Yields below output.

You can also use `across()` to apply `summarise` to a set of specified elements or columns.

``````
# Group by mean of multiple columns
df2 <- df %>% group_by(department,state) %>%
summarise(across(c(salary, bonus),mean),
.groups = 'drop') %>%
as.data.frame()
df2
``````

## 4. Perform Mean on Non Grouping Columns

Let’s explore how to use the `groupby()` method and the `summarize()` method to get the mean for all columns in a data frame except grouping columns.

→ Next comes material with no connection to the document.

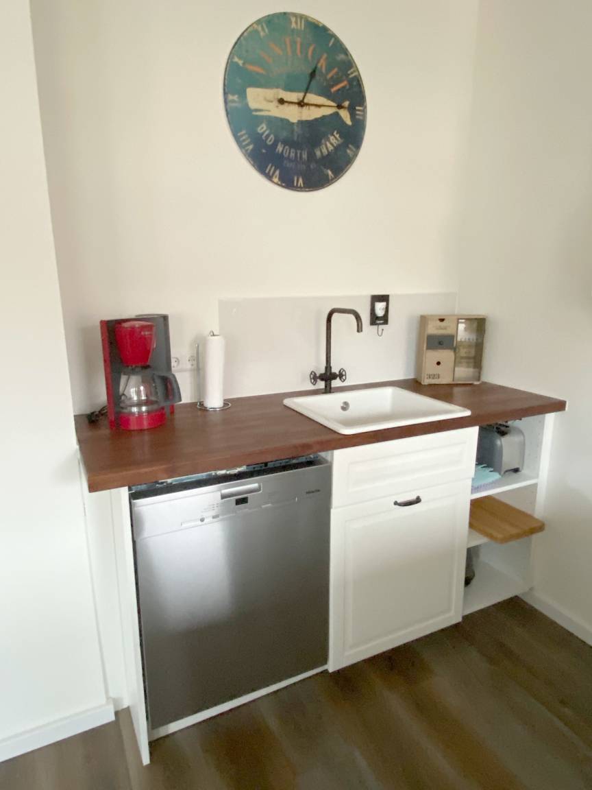 Zur Küche gehört außerdem eine Grundausstattung zum Kochen, Geschirr und Besteck, Edelstahl-Backofen, Weingläser, Backblech. Ein Esstisch ist auch vorhanden.
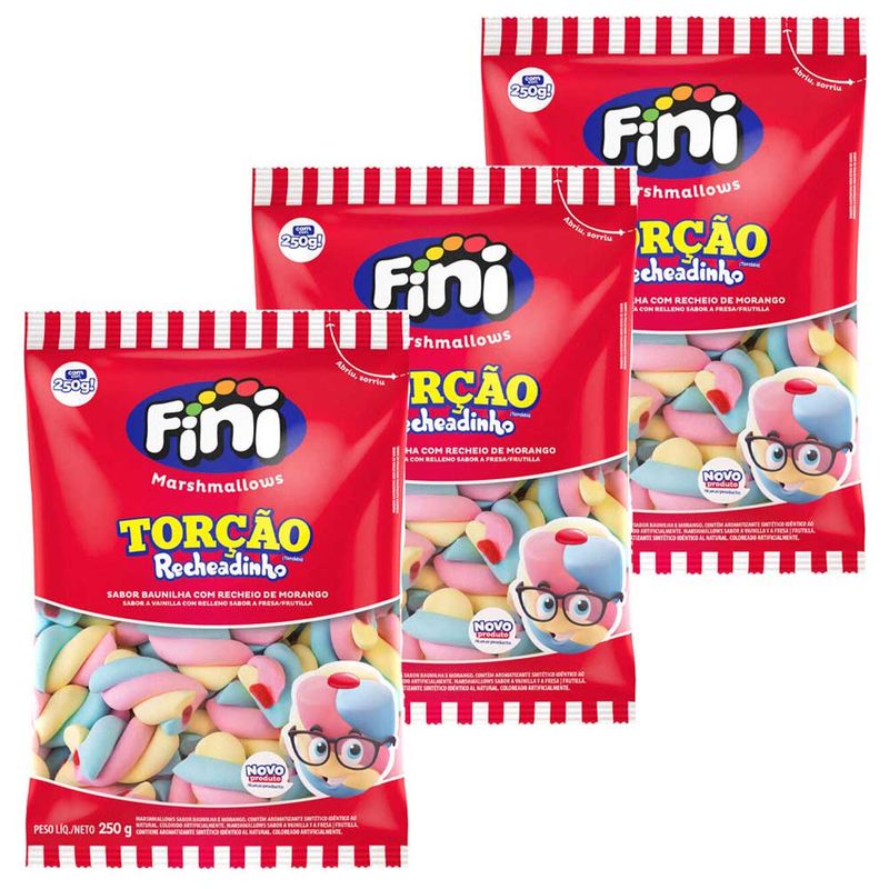 Marshmallows no formato torcido, com recheio. São deliciosos, macios, divertidos, coloridos e ricos em todos os detalhes. Opção ideal para deixar dias mais saborosos, decorar festas ou dar ainda mais beleza a pratos de confeitaria. Pacote com 250g, média de 38 unidades. Fini recheadinho. Kit contendo 3 Marshmallow recheado colorido com recheio de morango.

Make sure your data frame contains only numeric columns and grouping columns. Using non-numeric data `summarize` will return an error.

``````
# Mean on all columns
num_df<- df[,c("department","state","age","salary","bonus")]
df2 <- num_df %>% group_by(department, state) %>%
summarise(across(everything(), mean),
.groups = 'drop')  %>%
as.data.frame()
df2
``````

In the above code, the data frame is grouped by the `department` and `state` columns, then summarize all other columns except the grouping columns, applying the mean() function to these summarized columns.

Yields below output.

## 5. Group By Mean using R base aggregate()

So far, we have learned how to get the mean/average of grouped data using the dplyr package functions. Now we will see how to calculate the mean of grouped data using the R base `aggregate()` function. This function allows you to group a data frame by specific columns and calculate the mean of those specific columns.

``````
# Group by mean using R Base aggregate()
agg_df <- aggregate(df\$salary, by=list(df\$department), FUN=mean)
agg_df
``````

Yields below output.

## 5. R Base aggregate() on Multiple Columns

You can also apply the `aggregate()` function on multiple columns of the data frame to group the data by multiple columns, and then apply the mean function to calculate the average of those columns based on specified criteria.

``````
# R Base aggregate() on multiple columns
agg_df <- aggregate(df\$salary, by=list(df\$department,df\$state), FUN=mean)
agg_df
``````

Yields below output.

## Conclusion

In this article, I have explained how to calculate the group by mean or average for single or multiple columns in a data frame in R, using the `group_by()` function from the `dplyr` package and the `aggregate()` function from base R. When working with larger datasets, the `dplyr` approach tends to be more efficient than base R.